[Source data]

◇ ◇ ◇ ◇ ◇

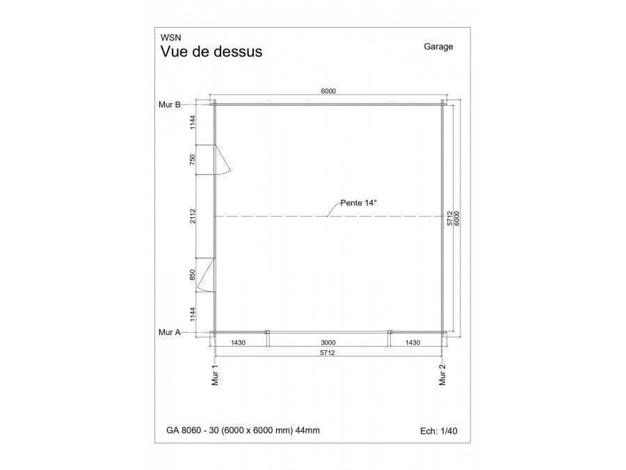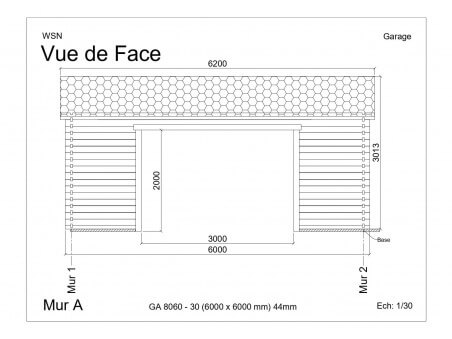 Ce garage en bois de 36m² est fabriqué en madriers d’épicéa de 44 mm d'épaisseur est vendu sans la porte de garage, vous laissant ainsi monter le type de porte de votre choix, sectionnelle ou à battant. Largeur de passage 3 mètres.
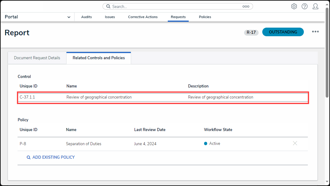 Related Controls and Policies Tab
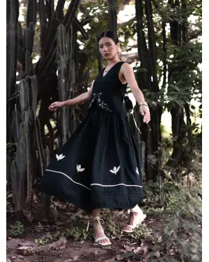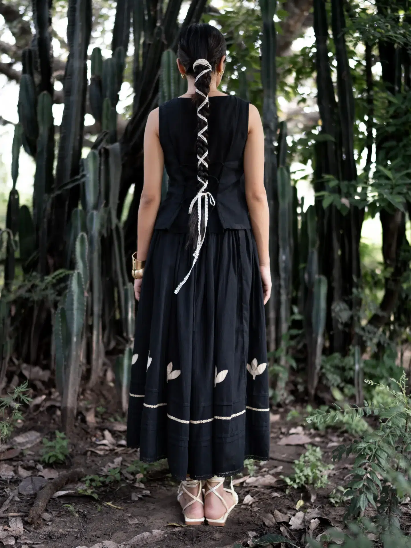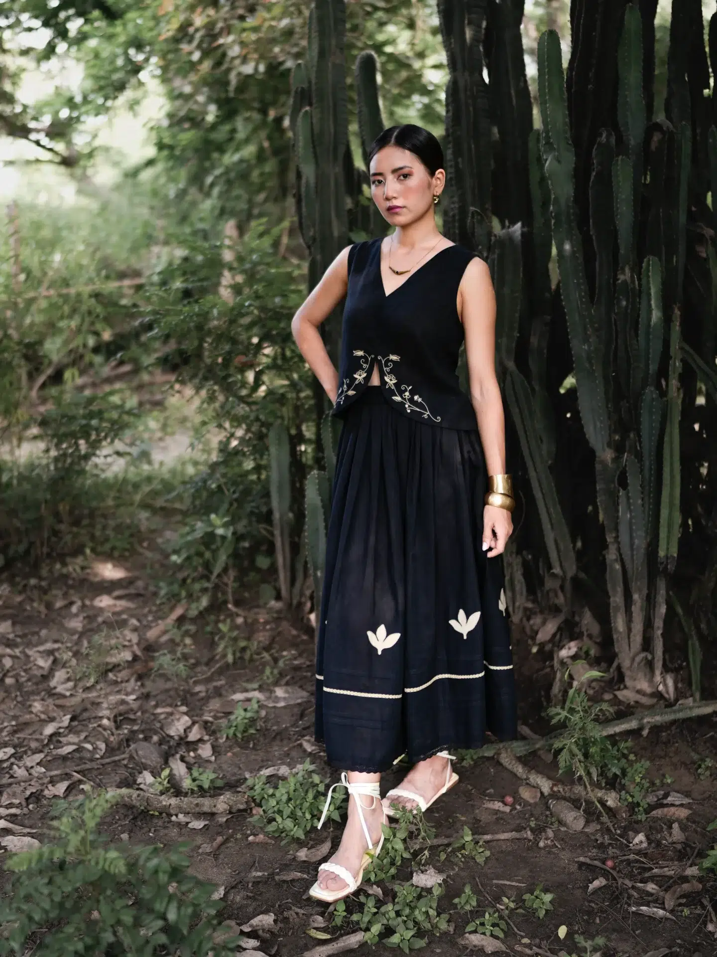 Crafted in breathable linen, this black skirt features intricate appliqué and lace details at the hem. With soft pleats, a comfortable elasticated waist, and a full flared silhouette, it blends artisanal charm with effortless wearability.
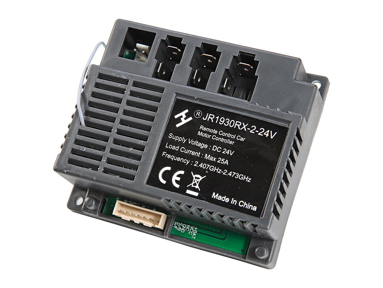 Riadiaca jednotka s typovým označením JR1930RX-2-24V je určená pre detské elektrické vozidlá; napätie 24 V. Pred objednaním starostlivo skontrolujte typové označenie (kód na štítku), prípadne tiež konektory a koncovky káblov. vozítku, inak nebude fungovať. Celý popis
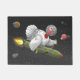 Een leuke en lieve Thanksgiving Doormat waar de Turkije is ontsnapt uit de Thanksgiving en met behulp van zijn raket door het universum reist.
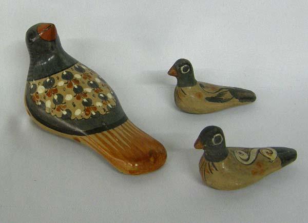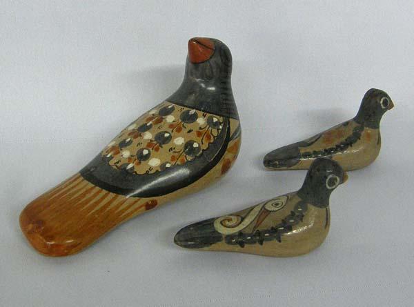 Tlaquepaque Mother Bird And Baby Birds, largest bird measures approx. 3.5'' x 6.25''. SHI $25.
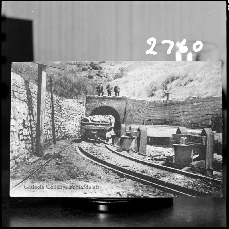 Negatif ffilm du a gwyn yn dangos Goruchwyliwr yn archwilio llafnwr ar y Wythien Chwe Throedfedd, Glofa Brynlliw, 15 Rhagfyr 1977.
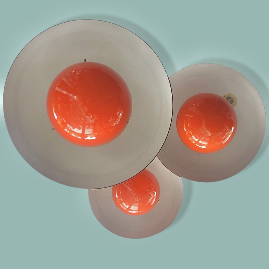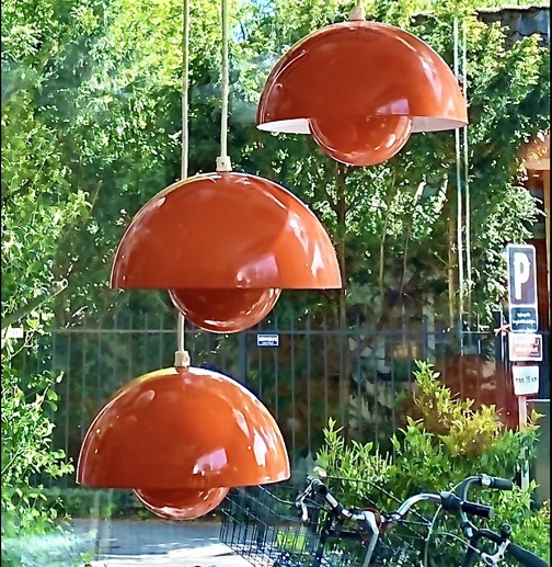 Original Flowerpots VP1 pendels of metal with orangered enamel.
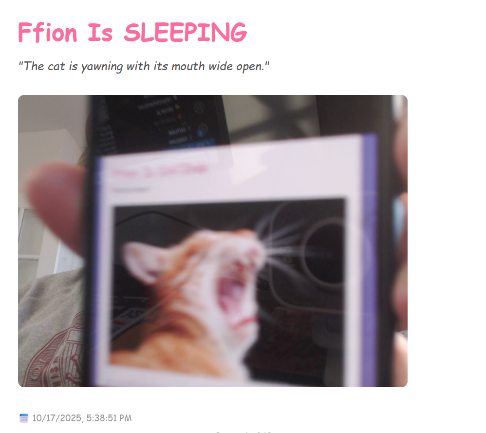 Unfortunately, I realized there are many edge cases that I maybe don't want to be posted to a database that's public by default. This realization came pretty quickly when the camera caught my wife and the cat together while she was doing her makeup - luckily she was not nude, but the possibility was there! I added some filtering in both the image description and detection to avoid this happening, but since anyone can hypothetically see anything that gets posted to my PDS, I'm not really confident enough to keep this running live yet.
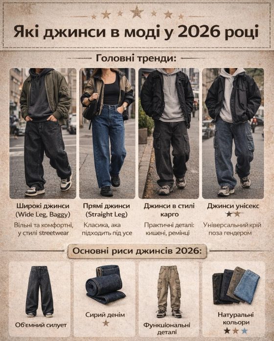 Джинси у 2026 році остаточно перестали бути просто базовою річчю. Вони стали інструментом самовираження, частиною стилю життя і способом показати свою індивідуальність. Сучасна мода більше не диктує жорстких рамок. Навпаки, вона заохочує експерименти, комфорт і свідомий підхід до гардеробу.

◇ ◇ ◇ ◇ ◇

Your goal
Give again, please, precisely the lines that begin the records and run through the line with "Related Controls and Policies Tab" in it, keeping both end lines and dropping any pictures.

Task output
 Ce garage en bois de 36m² est fabriqué en madriers d’épicéa de 44 mm d'épaisseur est vendu sans la porte de garage, vous laissant ainsi monter le type de porte de votre choix, sectionnelle ou à battant. Largeur de passage 3 mètres.
 Related Controls and Policies Tab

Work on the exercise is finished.